A water-in-oil emulsion was prepared by adding 2 parts by weight of polyethylene glycol having an average molecular weight of 20,000 and 1 part by weight of sodium dodecyl sulfite to 3.5 parts by weight of glycol. The prepared emulsion was added during a conventional polyester polymerization process to prepare a polyester resin composition having an average molecular weight of 10,000. Through spinning process, a fiber having 75/24 denier and fineness was produced, and the plain weave fabric composed of these fibers was kept in a constant temperature and humidity chamber at 20 ° C. and 40% relative humidity for 24 hours, followed by Kanebo friction according to KS-K-0555 method. The triboelectric voltage and the half-life were measured with a voltmeter. In addition, the plain weave fabric made of these fibers was weight-reduced for 10 minutes in a 5% aqueous solution of sodium hydroxide, and then pretreated under the same conditions in the constant temperature and humidity chamber, and the friction band voltage and half-life were measured. Further, the fabric weight-reduced under the above conditions was washed 50 times, dried, and then pretreated under the same conditions in the constant temperature and humidity chamber, and the friction band voltage and half-life were measured. In addition, the cross section of the prepared fiber was observed with a transmission electron microscope to determine the size of the island component. The results are shown in Table 1.

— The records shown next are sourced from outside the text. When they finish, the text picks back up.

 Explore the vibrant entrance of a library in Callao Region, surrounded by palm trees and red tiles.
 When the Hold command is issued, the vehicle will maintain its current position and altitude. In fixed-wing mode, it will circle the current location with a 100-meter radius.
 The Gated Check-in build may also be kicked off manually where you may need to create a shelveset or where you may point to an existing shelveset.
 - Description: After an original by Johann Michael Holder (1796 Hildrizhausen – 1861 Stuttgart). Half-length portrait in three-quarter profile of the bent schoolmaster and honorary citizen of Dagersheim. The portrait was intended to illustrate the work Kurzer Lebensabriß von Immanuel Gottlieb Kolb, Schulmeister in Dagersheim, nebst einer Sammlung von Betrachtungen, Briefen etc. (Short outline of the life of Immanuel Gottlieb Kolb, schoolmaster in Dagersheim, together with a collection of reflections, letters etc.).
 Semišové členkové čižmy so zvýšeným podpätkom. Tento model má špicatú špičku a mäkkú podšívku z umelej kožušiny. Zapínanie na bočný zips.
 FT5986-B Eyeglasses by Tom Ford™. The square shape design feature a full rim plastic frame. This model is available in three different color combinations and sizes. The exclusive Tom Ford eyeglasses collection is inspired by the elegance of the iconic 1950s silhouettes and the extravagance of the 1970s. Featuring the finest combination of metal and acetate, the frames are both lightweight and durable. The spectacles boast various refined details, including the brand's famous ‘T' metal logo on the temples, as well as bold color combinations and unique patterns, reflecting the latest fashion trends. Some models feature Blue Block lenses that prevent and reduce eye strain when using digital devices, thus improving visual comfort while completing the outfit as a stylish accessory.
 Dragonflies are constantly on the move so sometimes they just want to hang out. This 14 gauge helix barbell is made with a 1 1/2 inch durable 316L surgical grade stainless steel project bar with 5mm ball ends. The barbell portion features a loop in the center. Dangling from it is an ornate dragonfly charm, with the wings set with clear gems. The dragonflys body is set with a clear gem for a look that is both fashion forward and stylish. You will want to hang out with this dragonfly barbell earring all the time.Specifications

division Fairness Size of island component (㎛) Friction band voltage (volts) / half life (seconds) Weight loss After weight loss Before washing After 50 washes Example 1 Good 0.8 300 / 0.1 700 / 0.2 1,000 / 0.2 Example 2 Good 0.8 400 / 0.1 1,000 / 0.2 2,000 / 0.5 Comparative Example 1 Bad 1.5 or more Not measurable Not measurable Not measurable Comparative Example 2 Bad 1.0 600 / 0.1 4,000 / 5.5 8,000 / 10 minutes or more Comparative Example 3 Good 1.2 500 / 0.2 1,000 / 0.2 2,700 / 1.3 Comparative Example 4 Good 1.3 500 / 0.1 3,000 / 4.2 3,000 / 3.3

Not measurable: Antistatic measurement is impossible due to process defect

(Example 2)

A polyester resin composition having the same composition as the polyester resin composition of Example 1, except for the differences shown in Table 2, was tested in the same manner as in Example 1. The results are shown in Table 1.

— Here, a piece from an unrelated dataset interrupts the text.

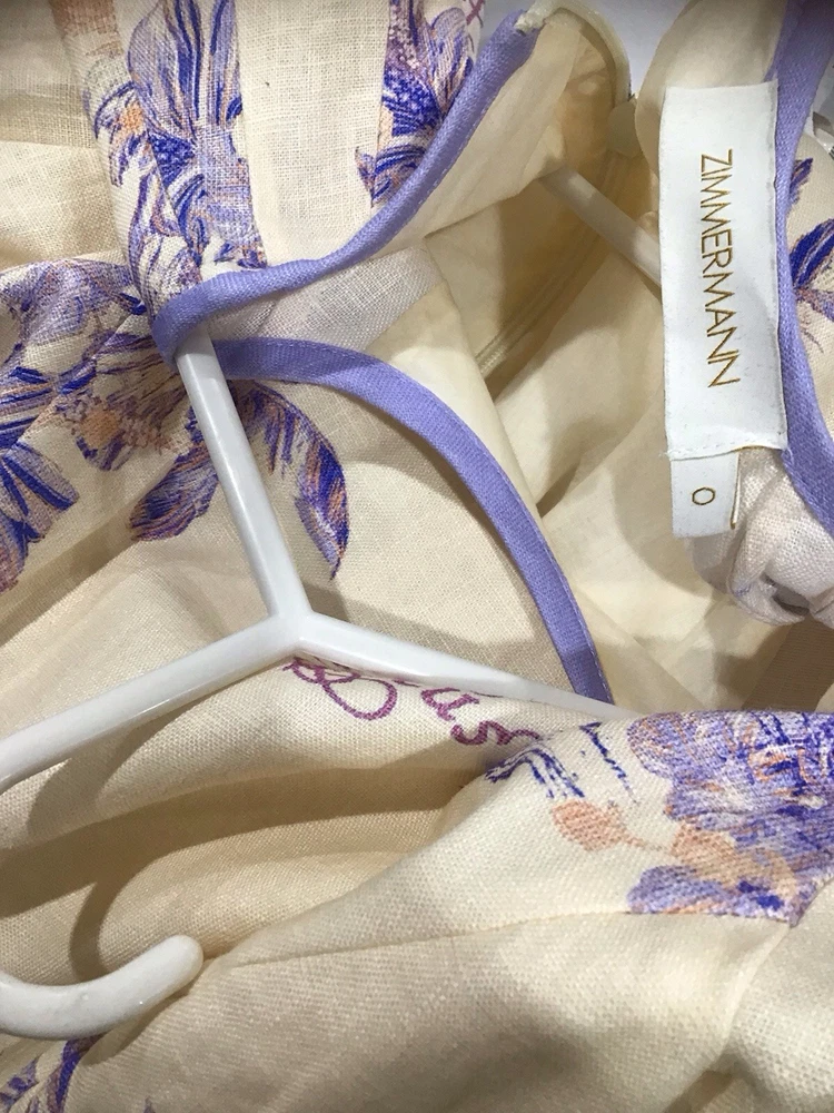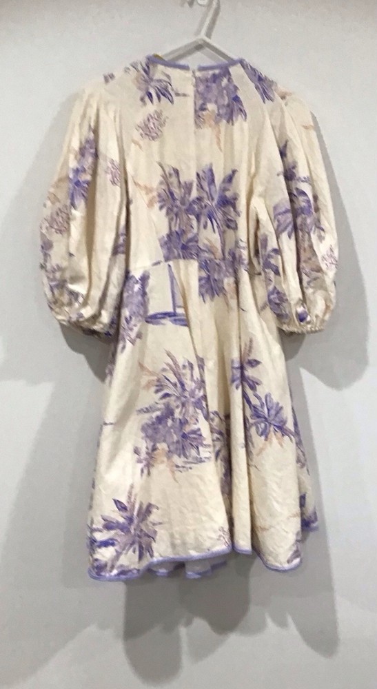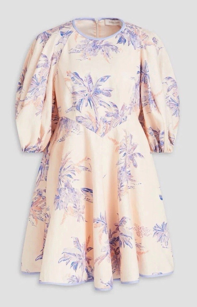 Zimmermann Linen Day Mini Dress Tropical Flare Designer Size 2 Au 12 SKU 2 A
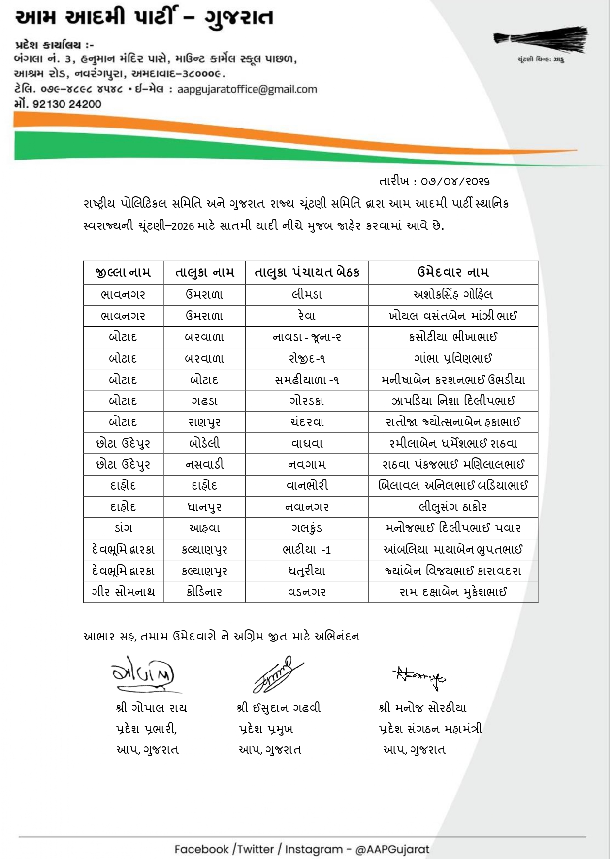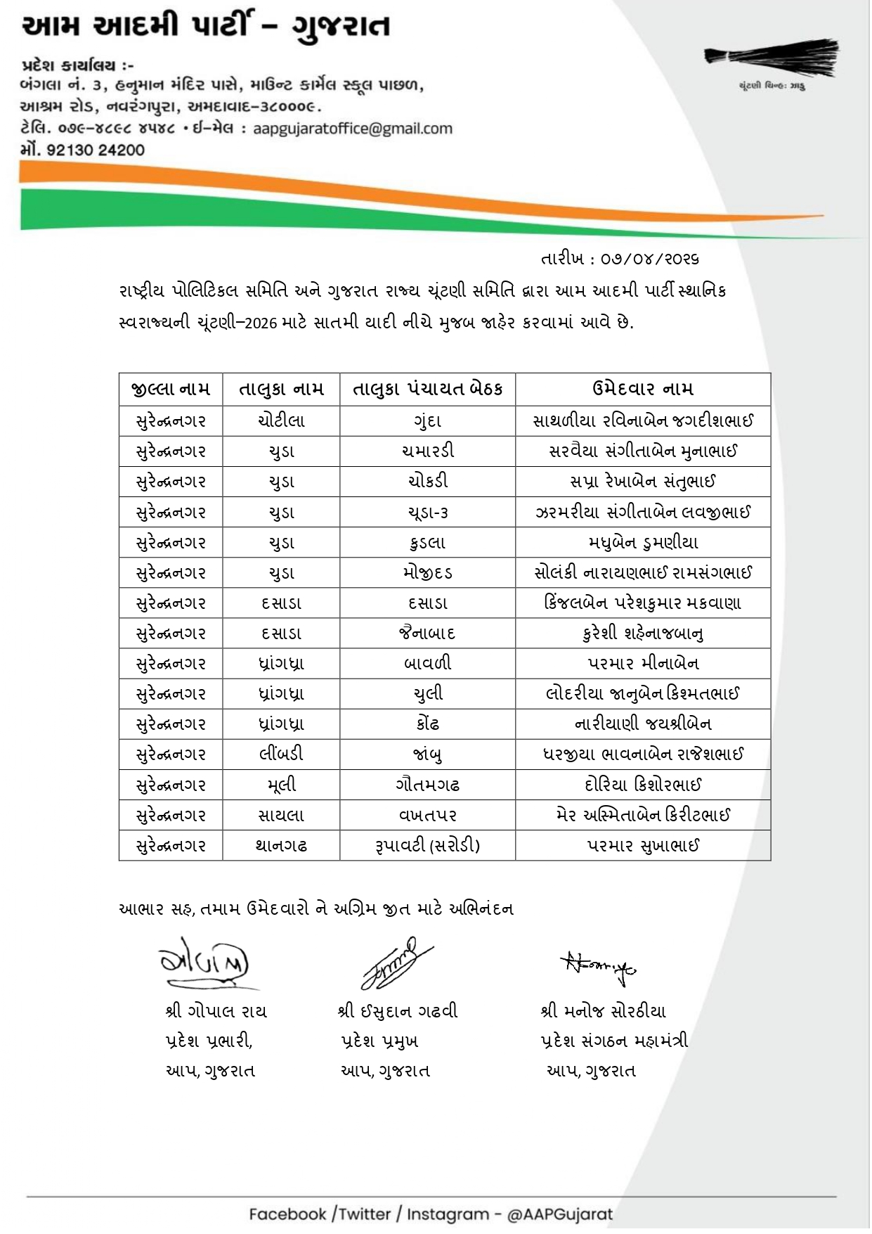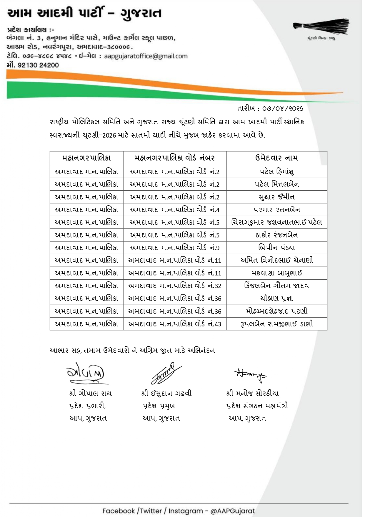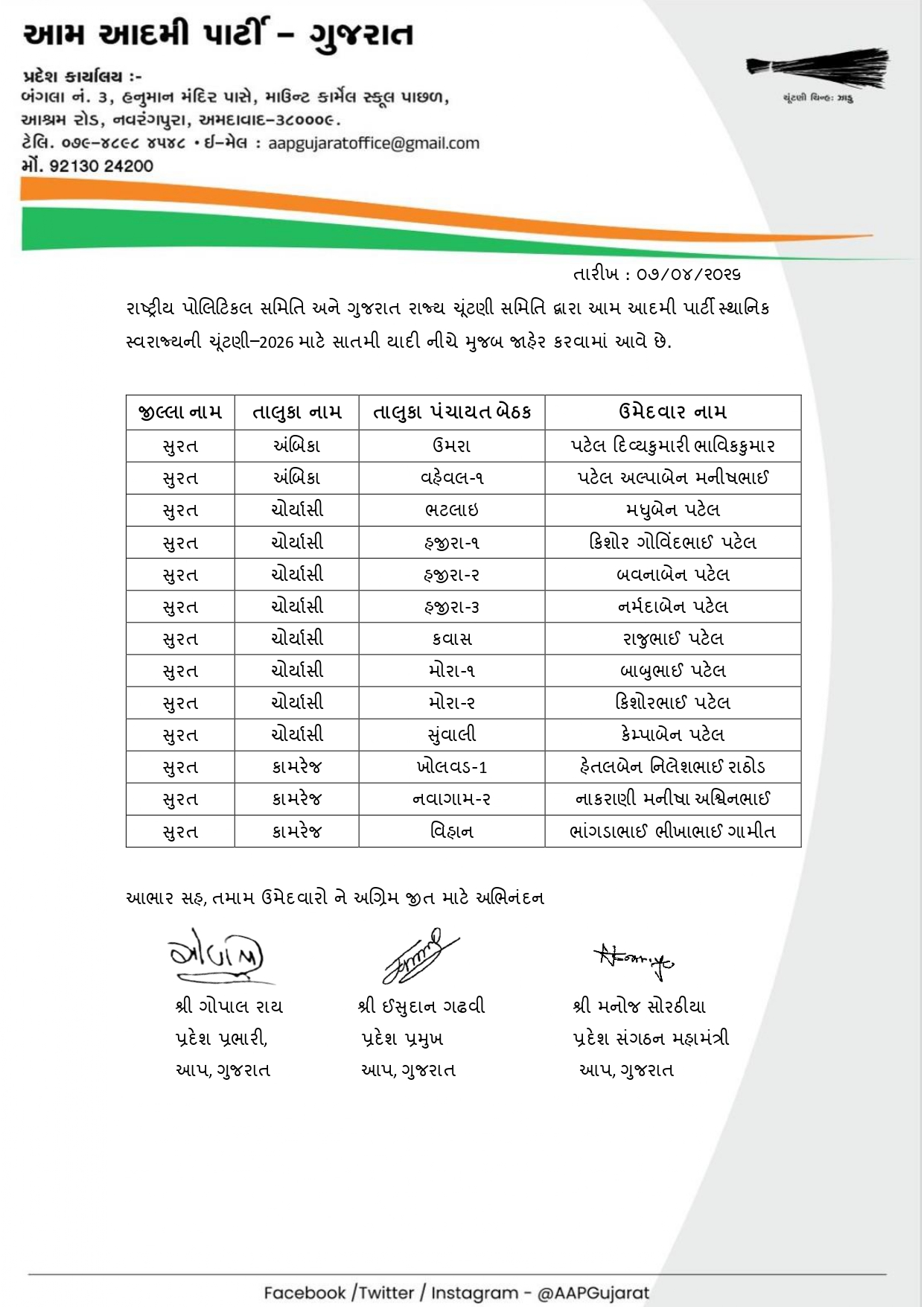 આ દરમિયાન AAP દ્વારા આજે 8 એપ્રિલે ઉમેદવારોની સાતમી યાદી જાહેર કરવામાં આવી છે. અગાઉની યાદીઓ બાદ હવે વધુ બેઠકો માટે ઉમેદવારોના નામ જાહેર થતા ચૂંટણીનો માહોલ વધુ ગરમાયો છે. પાર્ટી દ્વારા વિવિધ નગરપાલિકા અને પંચાયત વિસ્તારોમાં મજબૂત દાવેદારોને મેદાનમાં ઉતારવાનો પ્રયાસ કરવામાં આવી રહ્યો છે.

division Emulsification Polyethylene glycol (parts by weight) Sodium dodecyl sulfite (parts by weight) Glycol (part by weight) Example 1 ○ 2 One 3.5 Example 2 ○ 2 0.5 3.5 Comparative Example 1 ○ 6 0.5 10.5 Comparative Example 2 ○ 2 0.05 3.5 Comparative Example 3 × 2 One 3.5 Comparative Example 4 × 2 0.5 3.5

※ parts by weight: parts by weight relative to 100 parts by weight of the total polyester composition

(Comparative Examples 1-4)

A polyester resin composition having the same composition as the polyester resin composition of Example 1, except for the differences shown in Table 2, was tested in the same manner as in Example 1. The results are shown in Table 1.

Claims (3)

0.1 to 5 parts by weight of polyalkylene glycol or a derivative thereof and 0.1 to 3 parts by weight of an ionic organic compound are added to glycol, and a water-in-oil emulsion prepared by stirring with respect to 100 parts by weight of the total polyester composition. Antistatic polyester resin composition made into. The antistatic polyester resin composition according to claim 1, wherein the ionic organic compound is an undecylbenzenesulfonic acid, a dodecylbenzenesulfonic acid, a tridecylbenzenesulfonic acid or a sulfonic acid alkali metal salt. Antistatic property containing a water-in-oil emulsion prepared by adding and stirring 0.1 to 5 parts by weight of polyalkylene glycol or a derivative thereof and 0.1 to 3 parts by weight of an ionic organic compound to 100 parts by weight of the total polyester composition. An antistatic polyester yarn, wherein said polyalkylene glycol, produced by melting and spinning a polyester resin composition, is uniformly dispersed in an independent conductive component having a size of less than 1 m in an arbitrary fiber cross section.